Après plus de 100 jours de conflit, un accord a été finalisé. Le président américain, Donald Trump, a annoncé que les forces américaines allaient retirer leurs troupes de la région, et le détroit d'Ormuz, par où transite un cinquième du pétrole mondial, sera réouvert. Cela marque une étape significative dans les relations internationales, selon des observateurs tels que l'Agence France-Presse.
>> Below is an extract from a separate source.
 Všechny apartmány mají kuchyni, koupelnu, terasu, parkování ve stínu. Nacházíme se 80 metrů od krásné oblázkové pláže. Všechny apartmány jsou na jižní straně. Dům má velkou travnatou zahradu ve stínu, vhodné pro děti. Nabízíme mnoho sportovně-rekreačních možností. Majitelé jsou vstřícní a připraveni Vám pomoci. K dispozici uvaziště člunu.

• Un accord qui scelle la paix
Trump a déclaré que l'accord, qui sera signé officiellement à Genève, a été conclu suite à des négociations intenses. Le Premier ministre pakistanais a été parmi les premiers à dénoncer cet accord comme un pas vers la paix. Le vice-ministre iranien des Affaires étrangères, Kazem Gharibabadi, a également confirmé cet aboutissement, bien qu'il ait exprimé des réserves concernant la confiance envers les États-Unis, affirmant : "Nous surveillerons la mise en œuvre des engagements pris par l'administration américaine".
• Le contenu de l'accord
Les termes exacts n'ont pas encore été rendus publics, mais il est entendu qu'ils incluent la cessation immédiate des hostilités. Selon des sources iraniennes rapportées par l'CNN, l'accord stipule également que Téhéran s’engagera à respecter les normes du traité de non-prolifération nucléaire. D'autres clauses importantes incluent la levée des sanctions économiques et la reprise de l'exportation de pétrole.
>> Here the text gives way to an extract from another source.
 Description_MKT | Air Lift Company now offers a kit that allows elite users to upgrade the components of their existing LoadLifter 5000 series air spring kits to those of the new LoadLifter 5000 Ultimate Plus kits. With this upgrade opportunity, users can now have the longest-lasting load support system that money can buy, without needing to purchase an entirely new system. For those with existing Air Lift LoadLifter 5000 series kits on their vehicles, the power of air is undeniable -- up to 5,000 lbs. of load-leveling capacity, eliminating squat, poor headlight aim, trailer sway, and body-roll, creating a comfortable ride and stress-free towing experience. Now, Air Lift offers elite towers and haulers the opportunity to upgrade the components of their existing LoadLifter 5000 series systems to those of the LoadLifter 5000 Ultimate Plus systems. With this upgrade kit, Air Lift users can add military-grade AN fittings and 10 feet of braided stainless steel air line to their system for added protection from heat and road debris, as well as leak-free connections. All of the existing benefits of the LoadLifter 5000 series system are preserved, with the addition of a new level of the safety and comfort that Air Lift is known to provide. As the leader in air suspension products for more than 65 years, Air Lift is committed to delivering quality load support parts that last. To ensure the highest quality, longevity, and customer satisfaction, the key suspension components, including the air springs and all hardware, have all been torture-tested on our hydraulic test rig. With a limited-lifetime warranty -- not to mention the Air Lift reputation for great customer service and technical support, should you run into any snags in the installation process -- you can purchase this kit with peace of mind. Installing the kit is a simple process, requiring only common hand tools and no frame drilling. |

• Réouverture du détroit d'Ormuz : un enjeu mondial
Le président Trump a promis que le détroit d'Ormuz serait accessible sans frais, facilitant ainsi le commerce mondial et la circulation de ressources essentielles. Emmanuel Macron a souligné que des mesures sécuritaires étaient déjà mises en place pour garantir cette réouverture, afin d’éviter de futurs conflits dans cette région stratégique.
• Impact sur les marchés
Avant même la signature, la nouvelle de l'accord a provoqué une chute des prix du pétrole. Selon l'Agence américaine de l'énergie, les impacts économiques à long terme pourraient voir les prix moyens du baril rester plus élevés que les niveaux d'avant le conflit.
• Réactions internationales
Les réactions ont été globalement positives. Emmanuel Macron a parlé d'une "avancée majeure" vers la paix, tandis que le secrétaire général de l'ONU a exprimé sa gratitude envers les parties engagées dans cette démarche. Le Premier ministre britannique a également salué cet accord. Toutefois, la réaction d'Israël, initialement impliqué dans le conflit, reste incertaine, les autorités israéliennes ayant déjà demandé des réunions d'urgence.
Ce nouvel accord entre les États-Unis et l'Iran pourrait bien redéfinir les relations diplomatiques au Moyen-Orient et offrir une lueur d'espoir dans un contexte historique de tensions internationales.